Section 3.2.2 Behind Closed Doors

With a stable system and a fixed quorum, the president can optimize message passing to reduce network chatter while maintaining safety and progress. This can be streamlined to 3 messages passed between the president and the quorum

Optimized Sequence
(3) The president sent a BeginBallot message to each legislator in a quorum.
(4) Each legislator in the quorum sent a Voted message to the president.
(5) The president sent a Success message to every legislator.
LAMPORT, P. 17 — §3.2.2

In a large system, the total number of messages can grow quickly. By piggybacking messages, the protocol reduces the total message count to about 2N messages per decree, where N is the number of legislators in the parliament.

Piggybacking
This is a total of three message delays and about 3N messages, assuming a parliament of N legislators and a quorum of about N/2. Moreover, if Parliament was busy, the president would combine the BeginBallot message for one decree with the Success message for a previous one, for a total of only 2N messages per decree.
LAMPORT, P. 17 — §3.2.2

The key optimization is batching.
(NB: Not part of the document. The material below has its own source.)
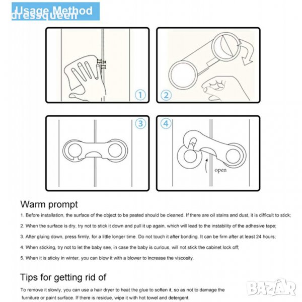 Предпазителите осигуряват надеждна защита и безопасна домашна среда, предотвратявайки отварянето на шкафове, чекмеджета, тоалетки и други. Те предоставят лесен монтаж, без пробиване, посредством специална двойно лепяща лента, която не оставя следи след тяхното отстраняване.
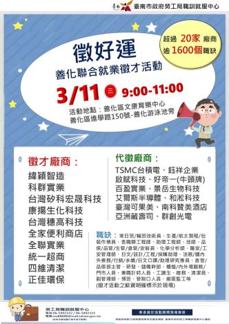 115/03/11(三)勞工局職訓就服中心辦理【徵好運】善化區聯合徵才活動,歡迎求職民眾踴躍參加

A single message can carry both the BeginBallot for a new decree and the Success notifications for decrees that have already reached consensus. When the leader handles multiple decrees simultaneously, it can batch several BeginBallot and Success messages together, reducing overall message traffic while maintaining correctness.

These optimizations rely on the assumption of a stable quorum — no legislators enter or leave the Chamber during these exchanges. This is why the process is described as “behind closed doors.”